In the snap of a finger, the Ottawa Senators went from pesky to pessimistic.
Daniel Alfredsson — who was the hero for his last-minute goal in Game 3 — was being roundly criticized by fans and media for his post-game comments on Wednesday night.
The Sens captain answered “probably not” when asked about the possibility of his team winning three straight games against the heavily-favoured Pittsburgh Penguins.
“I mean, with their depth and power play right now, it doesn’t look too good for us,” he said.
There were a lot of Sens fans who were upset that the captain sounded like he was going down with the ship. If you were hoping that Alfredsson would channel his inner Mark Messier and produce a bold guarantee, this statement was the complete opposite.
However, I would ask you to remember an incident involving Manny Ramirez, whose team was in the exact same situation a few years ago.
With his Red Sox trailing 3-1 in their championship series against the Cleveland Indians in 2007, Manny Ramirez provided one of his most memorable quotes of all time.
"It doesn't happen, so who cares?
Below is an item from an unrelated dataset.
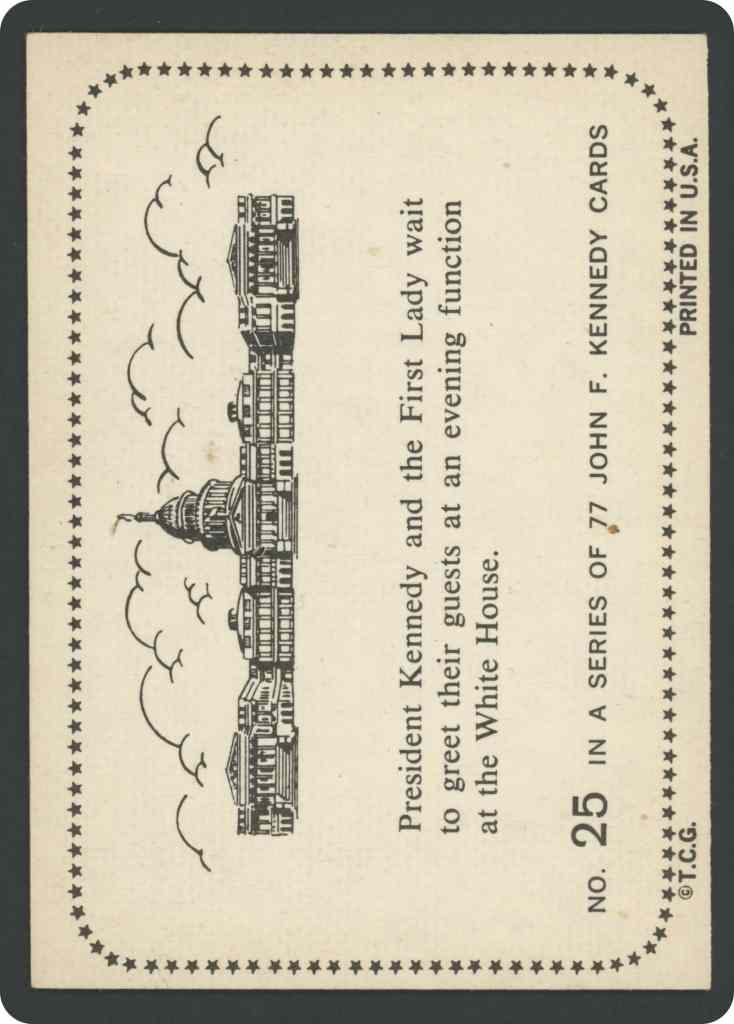 President Kennedy and the First Lady wait to greet their guests at an evening function at the White House.

There's always next year. It's not like it's the end of the world," Ramirez said after his team lost Game 4.
Those comments from Ramirez were viewed as defeatist by many of his critics. How in the world could an athlete suggest that his team was finished? Ramirez took a beating from members of the media across North America. Apparently, he didn't know the script is supposed to read, "We'll take it one game at a time" when you're trailing 3-1 in a series.
But here's the funny thing: In Game 5 of that series, Ramirez went 2-for-4 with a home run in a decisive Red Sox victory. Boston went on to win Games 6 & 7 of that series as well. In fact, after Ramirez's controversial comments, his Red Sox outscored the Indians 30-5 in the final three games.
Boston then swept the Colorado Rockies in the World Series, so they actually won seven straight games after Ramirez's pessimistic comment to the media.
So do post-game comments have any impact on a series or a player's mindset? I think the Ramirez incident answers that question. (Maybe we can make "Alfie being Alfie" into a slogan here in Ottawa).
There was also a significant amount of attention placed on the fact that Alfredsson picked up the puck at the end of Game 4. To many, it was a clear sign that the captain knew it was his last game on home ice. But I can tell you with a great degree of certainty that Alfredsson has not made up his mind -- one way or another -- about next season.
If you'll recall last year, we went through the same exercise with him during the Rangers series. In Game 6 on home ice, two of Alfredsson's sons came out to skate with the flag before the game -- and many people took that as a sign that it could be the captain's final game on home ice.
And when the Senators let that game slip through their fingers, Alfredsson had a rare meltdown on the bench. He slammed his stick and stomped on a water bottle. Again, many people interpreted this as Alfredsson knowing he had just played his last game at Scotiabank Place.
All of the signs pointing towards retirement were there last season and yet Alfredsson returned for another year. The betting here says that Alfredsson will do the same thing this summer. He'll wait a few weeks and then announce his intentions for next season. If he feels like he can handle the mental and physical workload during the off-season, I think he'll come back for one more year.
But don't expect that decision to come moments after the Sens are eliminated. Choosing to retire is process that requires time and reflection.
And as Alfredsson proved on Wednesday night, sometimes athletes are a little emotional at the end of a hockey game.